From an event on the 22nd February 2020 at the American Club in Jakarta, Steve Lilywhite tells a funny little story about Morrissey's social & business skills, while recording "Vauxhall & I" (?) at Hook End Manor...




The doubtful dude in question is Rob Kahane, George Michael's manager during his Imperial Phase. Assuming this incident would have been in 1993 Morrissey would have been hunting for new management, and it was prior to signing with Arnold 'frogs legs' Stiefel. George & Mr Kahane would have been prepping for the Sony court case, during which the judge would describe Kahane as being a deeply unreliable witness. In June '94, after the court ruled against him, George Michael dropped Kahane {although apparently this had been agreed well before the high court mess}. Perhaps Rob was on the lookout in '93 for another handsome, troubled, 'private' pop star in case the Sony case went against him. Keeping his options open?

This is Mr Kahane arriving at the high court in October 1993, around the timeline of "Vauxhall & I" recording. Hair's not that bad? ;)

View attachment 58159

.


Aww - he's a lovely, lovely man & very gentle.

Just a bit daft.
 
The Smiths, Morrissey and lyrics to There Is Light mentioned halfway through Coronation St tonight in a conversation between Adam Barlow, Sara Platt and Maria the hairdresser.
 
The Smiths, Morrissey and lyrics to There Is Light mentioned halfway through Coronation St tonight in a conversation between Adam Barlow, Sara Platt and Maria the hairdresser.
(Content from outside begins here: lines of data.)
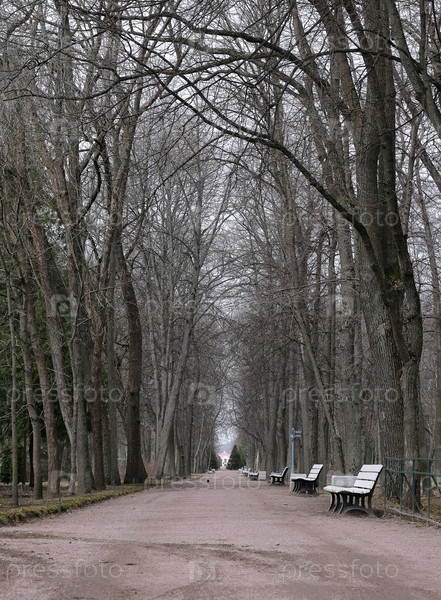 Пейзаж в весеннем парке: переулок и деревья без листьев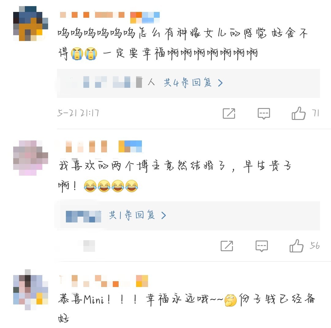 网友们对于这个突如其来的喜讯也发表了自己的祝福,有网友感慨“怎么有种嫁女儿的感觉,好舍不得,一定要幸福啊”。也有网友表示“我喜欢的两个博主竟然结婚了,早生贵子啊”,还有网友调侃“份子钱已经备好”。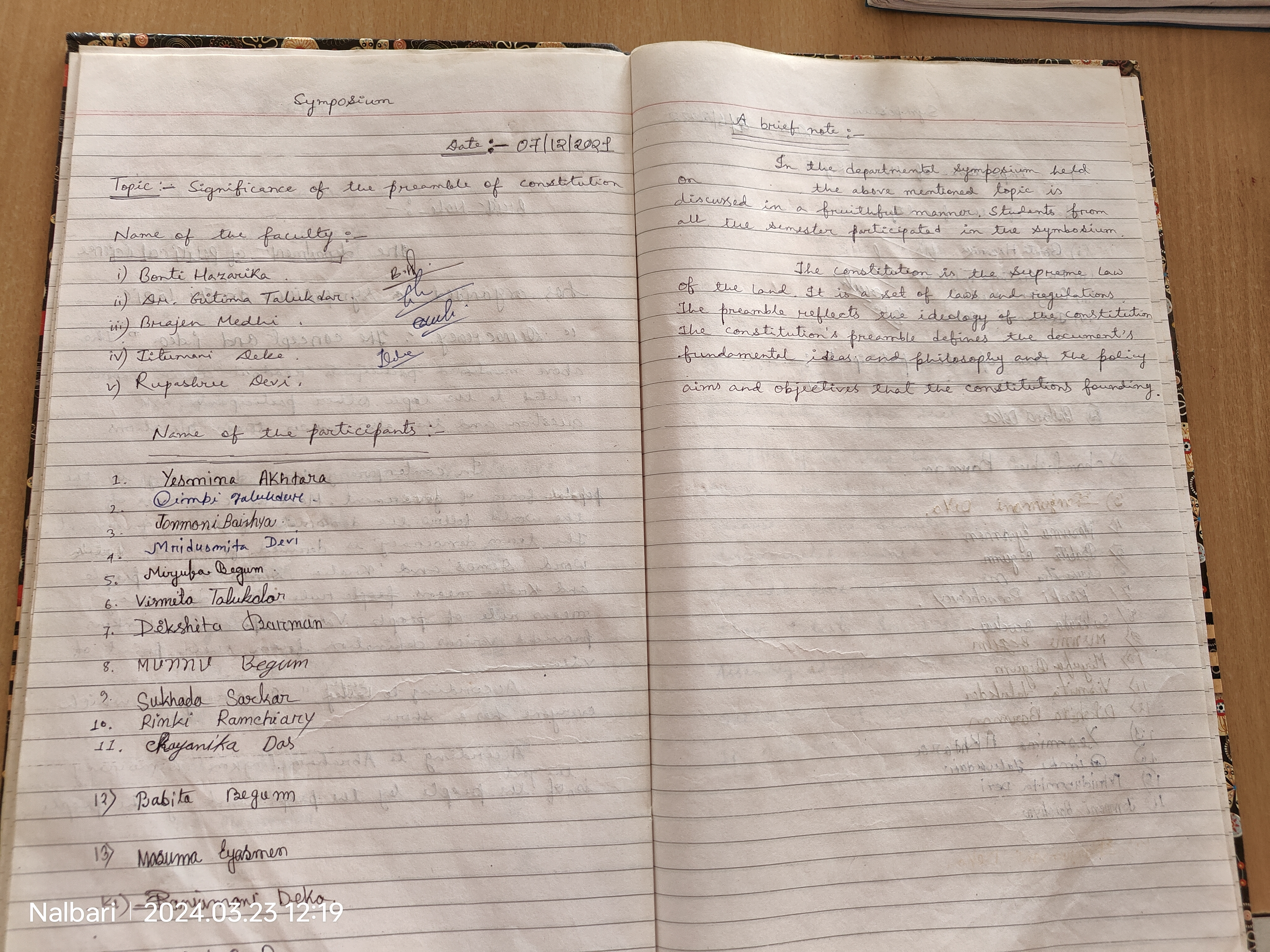 | 243 | Departmental Symposium | The Department has organised One day departmental Symposium on the topic Significance of the Preamble of the Constitution keeping in the view to develop basic knowledge of students about our preamble. | 2021-12-07 | View File |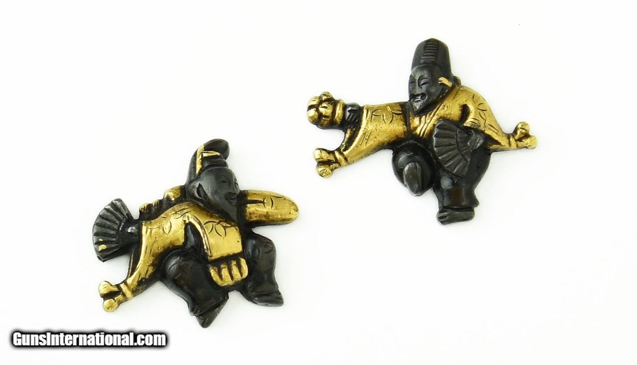 Description: "Menuki Dancing Robed Figures with Shakudo and gold highlights. Excellent condition. No signature. SOLD |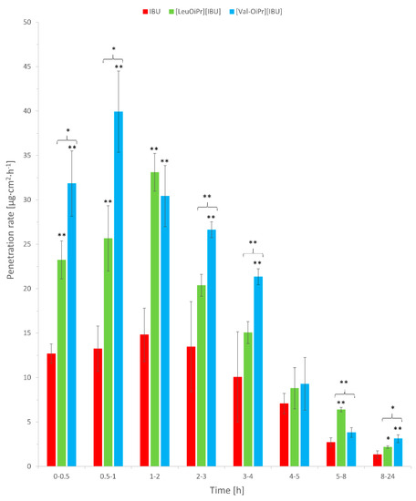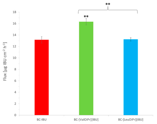 The permeation rate of IBU, [ValOiPr][IBU], and [LeuOiPr][IBU], permeated from BC into acceptor fluid. Mean values ± standard deviation, n = 3. Statistically significant difference from IBU was estimated using the ANOVA test. Double asterisk ** means statistical difference for p < 0.01, single asterisk * means statistical difference for p < 0.05. Brace { means statistical difference between two ibuprofenate salts.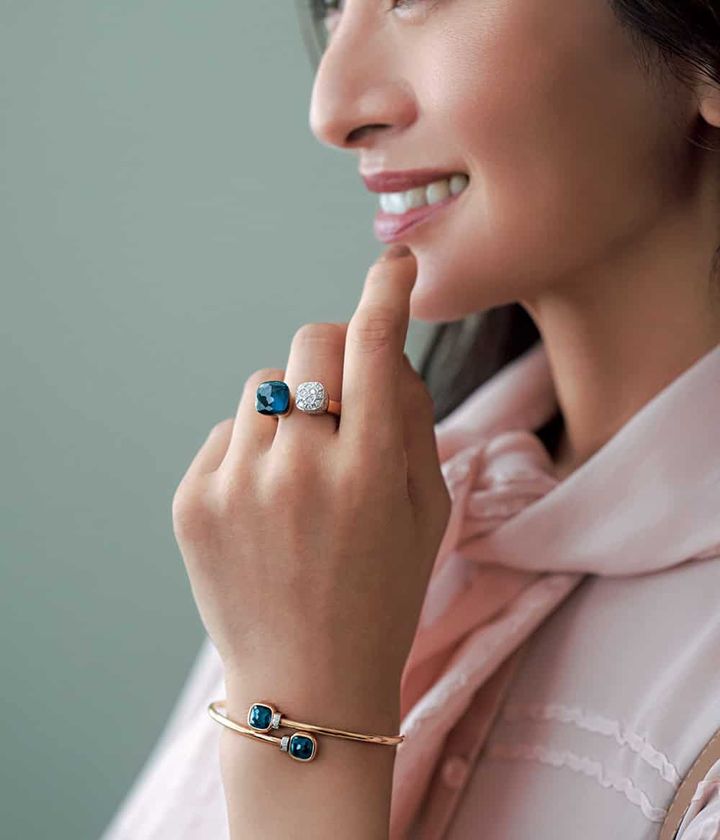 転勤などの節目に選びたい、ポメラートの「ヌード」。知性を感じさせるブルーが、自分らしさを映し出し、転機へチャレンジする勇気をくれる。すべてを満たすその輝きは心の充実を象徴するよう。メゾンの、既成概念にとらわれない革新的なスピリットから生まれた「ヌード」コレクション。卓越したクラフトマンシップでこそなしえる、ストーンが浮いたように見える瑞々しくモダンなデザインは、経験を重ねた女性の美しさを際立たせます。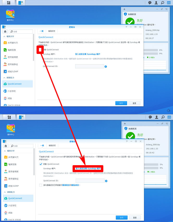 圖:勾選「啟動QuickConnect」的功能,接下來點選「登入或是註冊Synology帳戶」。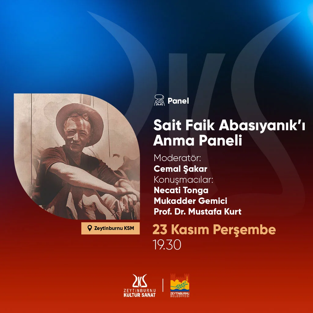 “Yazmasaydım deli olacaktım.” diyecek kadar yazmaya bağlı, yazmayı bir meşgalenin ötesinde bir hayat tarzına çevirmiş müstesna bir yazarımız olan Sait Faik Abasıyanık’ı doğumunun 117. yılında Zeytinburnu Kültür Sanat’ta bir panelle andık. Cemal Şakar’ın moderatörlüğünü üstlendiği panelin konuşmacıları Necati Tonga, Mukadder Gemici ve Prof. Dr. Mustafa Kurt oldu.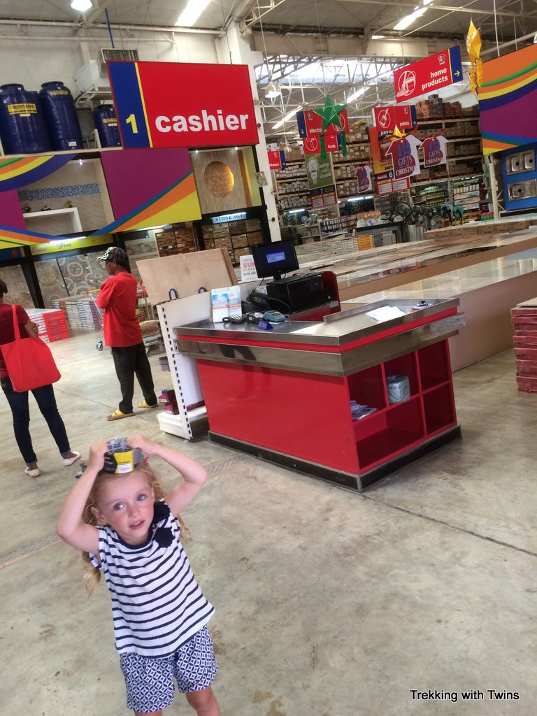 Aurora helping me shop for duct tape at Philippines Home Depot.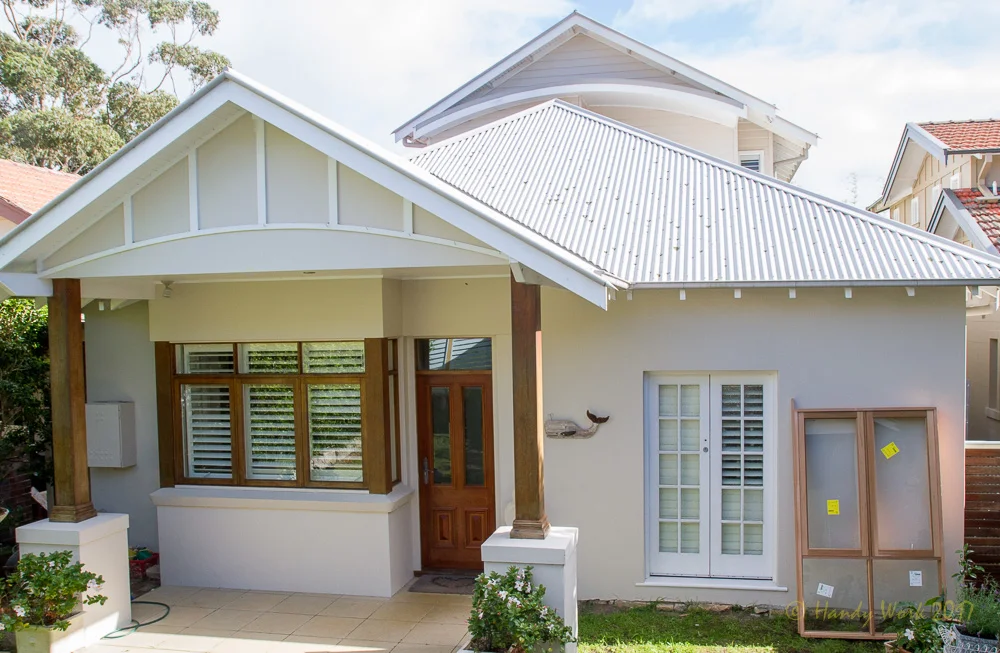 This renovated home on the Northern Beaches had a set of French Doors in the front wall which did not match at all with the style of home. Handy Work removed the old French Doors and installed a new window custom made to the opening size in one day. Then coated it with Sikens to give it the same look as the rest of the house.

Good, bad, neutral or hard to tell?
 
Good, bad, neutral or hard to tell?
Well it was at a hospital in the aftermath of Gary Windass being knocked down by a car and his girlfriend Maria was saying how it was ironic she'd been singing along to a Smiths song on the radio and when asked what song she replies the one about being killed by a double decker bus. Morrissey gets a mention too. Check it out on catchup.
 
Well it was at a hospital in the aftermath of Gary Windass being knocked down by a car and his girlfriend Maria was saying how it was ironic she'd been singing along to a Smiths song on the radio and when asked what song she replies the one about being killed by a double decker bus. Morrissey gets a mention too. Check it out on catchup.